When writing out the entries below, keep only the lines from the line with "เมืองโบราณ ลี่เจียง" to the line with "Holm in OPEN", both included, exactly as they are, and leave the pictures aside.

Dataset records
###

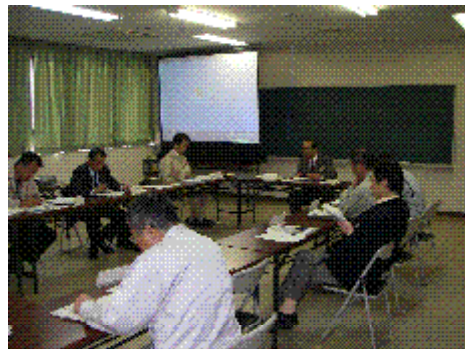
連絡協議会の状況

②いわき市森林組合の防虫防腐加工施設については、従来のACQIによる防腐防虫加工に加え、無色のレザックによる処理機能が追加されました。木材本来の色・風合いがそのまま処理できるため、今後の需要が期待されます。③福島県産「スギ平角材」の強度スパン表については、伐期を迎えた福島県産
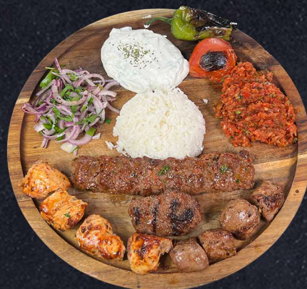
GAMLA STAN SPECIAL 239:- Lammspett, kycklingspett, blandat nöt- och lammfarsspett, nötfarsbiff
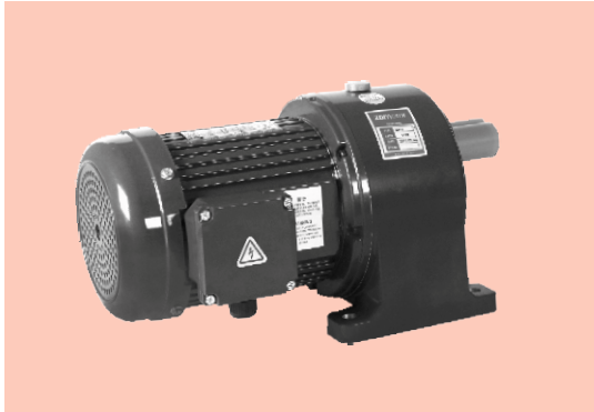
■ 卧式 Horizontal
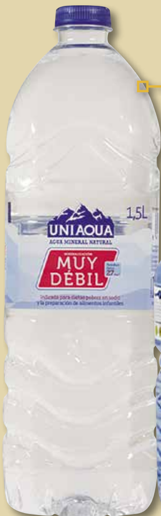
Aigua UNIAQUA pet 1500 Cl
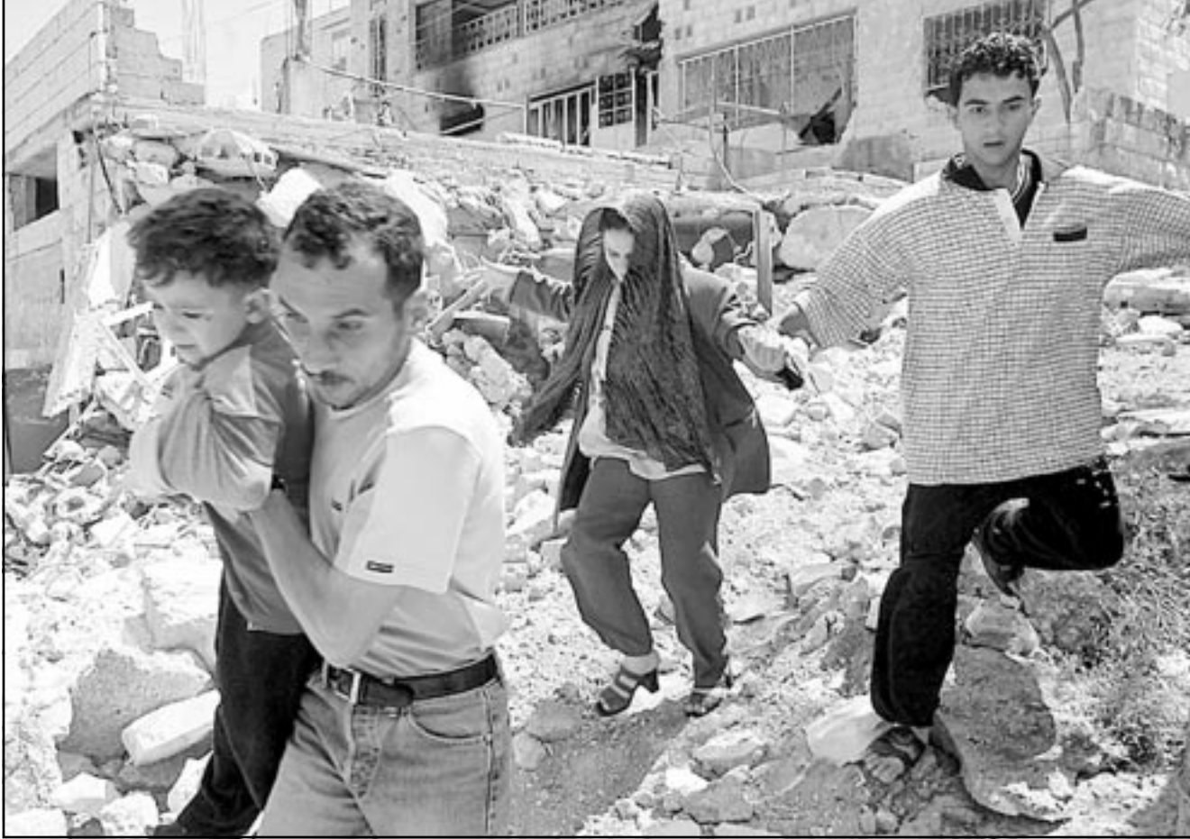
فلسطينيون يهربون من منزلهم بينما جرافات الاحتلال بدأت بدمه في جنين
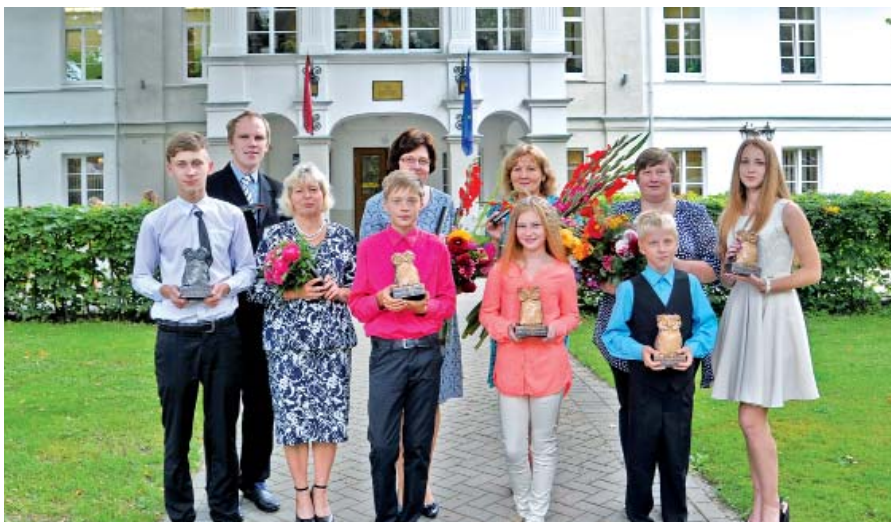
Mazzalves pamatskolas skolēni un skolotāji, kuri saņēma "Lielo pūci" un "Zelta pildspalvu".

Vasara aizsteigusies. Mazzalves skolā tā bijusi darbīga – nometnes, tūristi, dažādi lielāki un mazāki pasākumi... Nu skola ver durvis jaunajam mācību gadam. Mazzalves pamatskolā 94 bērni 2016./2017.mācību gadā katru dienu nāks uz skolu gūt zināšanas.
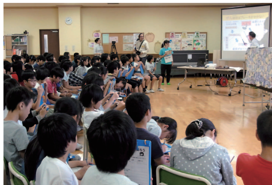
荒川区が区内の小学校で実践している「がん予防出前授業」の様子（荒川区立沙入小学校にて）

「自治体のがん検診の実施の仕方やがん対策への取り組みには、温度差やばらつきがあるのが現状です。さらに国の次期基本計画に向けては、がんの教育をどのように扱い、実施主体をどこにするべきか、多くの自治体が戸惑っています。一方で、すでながん教育に先進的に取り組み成果を上げている自治体もあり、これらの事例は、全国の自治体が模索するがん教育への取り組みに対して
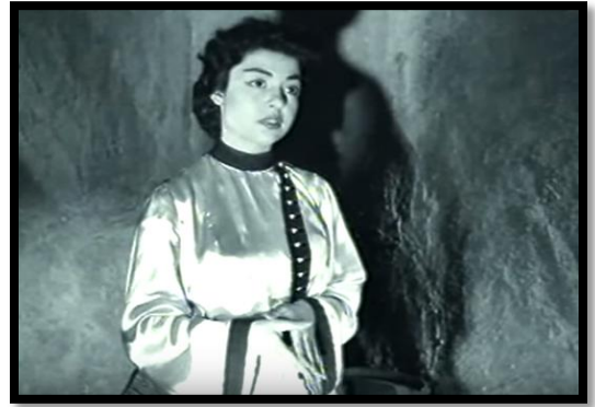
Resim-56 Şimal Yıldızı- Yıldızhan
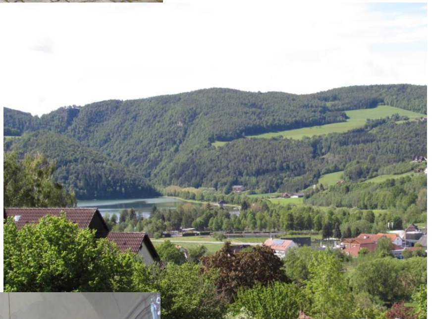
Blick auf den Stubenbergsee.
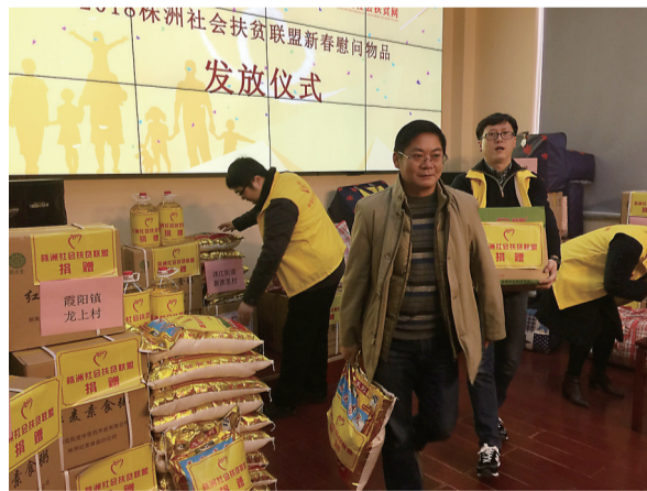
▲过冬物资发放现场

记者了解到,株洲社会扶贫联盟成立以来,通过整合全市社会资源,组织了“2017扶贫日主题活动”“株洲市阻断贫困代际传递助学行动”等活动,引导爱心团体、爱心企业等社会力量参与脱贫攻坚,目前已收到各类捐款捐物4000多万元,全部用于解决建档立卡户在住房、教育、医疗等方面的实际困难。2018年,联盟将继续引导社会力量参与脱贫攻坚,带动更多贫困户脱贫致富。
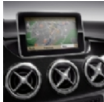
527 Comand OnLine
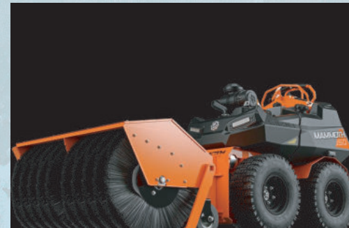
CEPILLO DE 44" 851004

Esta unidad montada en la parte trasera de acero inoxidable cuenta con 0,056 m 3 de capacidad, un ancho de caída ajustable de 30, 33 y 36 pulgadas (76, 83, 92cm) y un controlador de velocidad variable digital en el tablero.
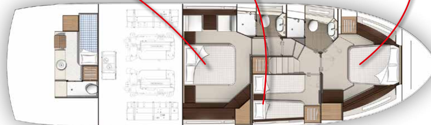
Cabina Vip in prua, ospiti centrale, armatore a poppa, due bagni, cabina marinaio a poppa con bagno. Salone con zona pranzo/salotto, plancia di guida e cucina. Pozzetto attrezzato a poppa, prendisole di prua. Fly-bridge con zona pranzo, salotto e timoneria.
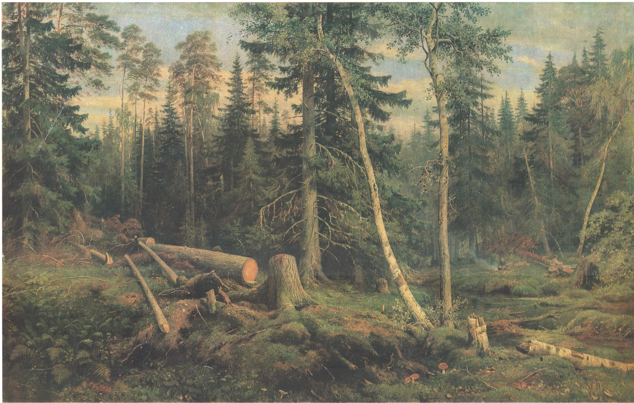
И. И. ШИШКИН (1832—1898) Рубка леса. 1867 Холст, масло. 122×194 Государственная Третьяковская галерея

© «Изобразительное искусство», Москва, 1986 11-384. Доп. тир. 40 000. Ц. 6 к. Т. № 5. Элк. 3750
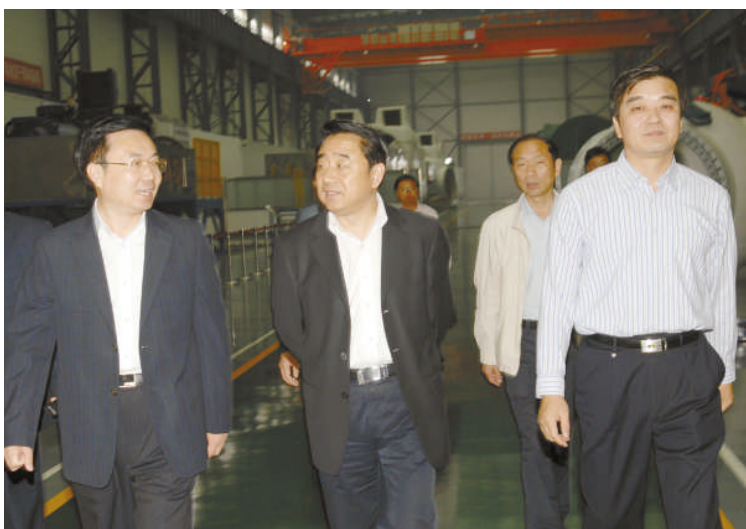
图为陈震宁（左二）在区领导的陪同下，到华锐风电产业园调研。

当得知我区正同步建设高新区电子信息产业园时，陈震宁表示赞赏，并鼓励我区在电子信息产业发展中注重发挥骨干企业和优势产品的带动作用，提高研发能力，拉长增粗产业链。（应伟）
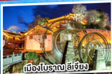
เมืองโบราณ ลี่เจียง
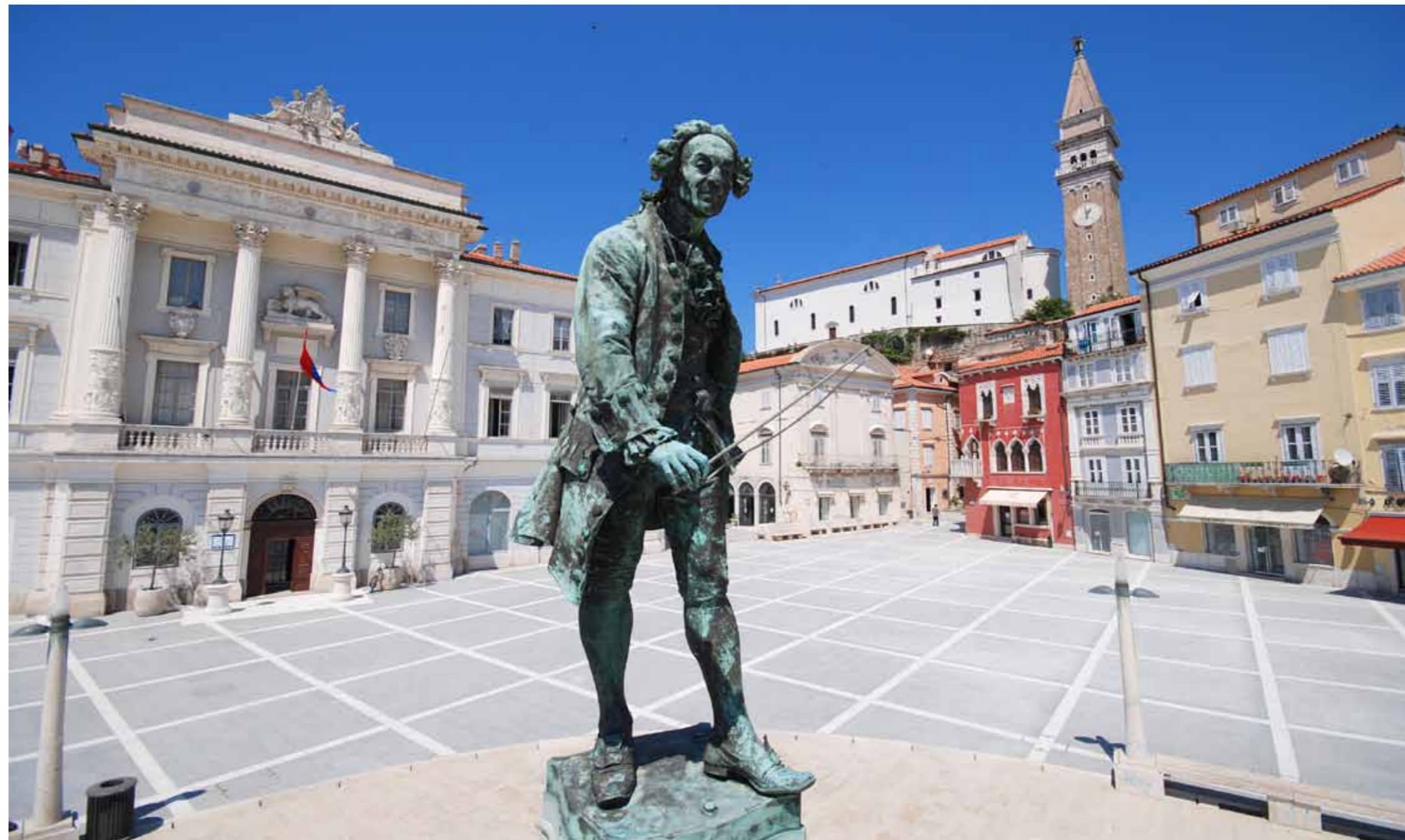
Piran, Tartinijev kip na glavnom trgu
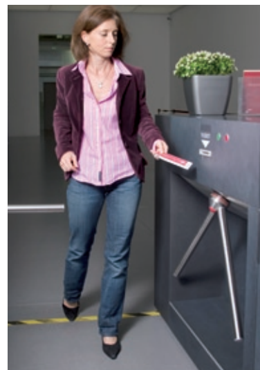
Holm in OPEN GATE - Position bei normaler Zutrittskontrolle

GOTSCHLICH 2-Arm-Dreh Sperren können jederzeit ohne technischen Aufwand zwischen den Betriebsarten „2-Arm-Dreh Sperre“ und „OPEN GATE“ umgestellt werden. So ist auch ein Wechselbetrieb im Tagesablauf möglich.

###

### Answer section
เมืองโบราณ ลี่เจียง
Piran, Tartinijev kip na glavnom trgu
Holm in OPEN GATE - Position bei normaler Zutrittskontrolle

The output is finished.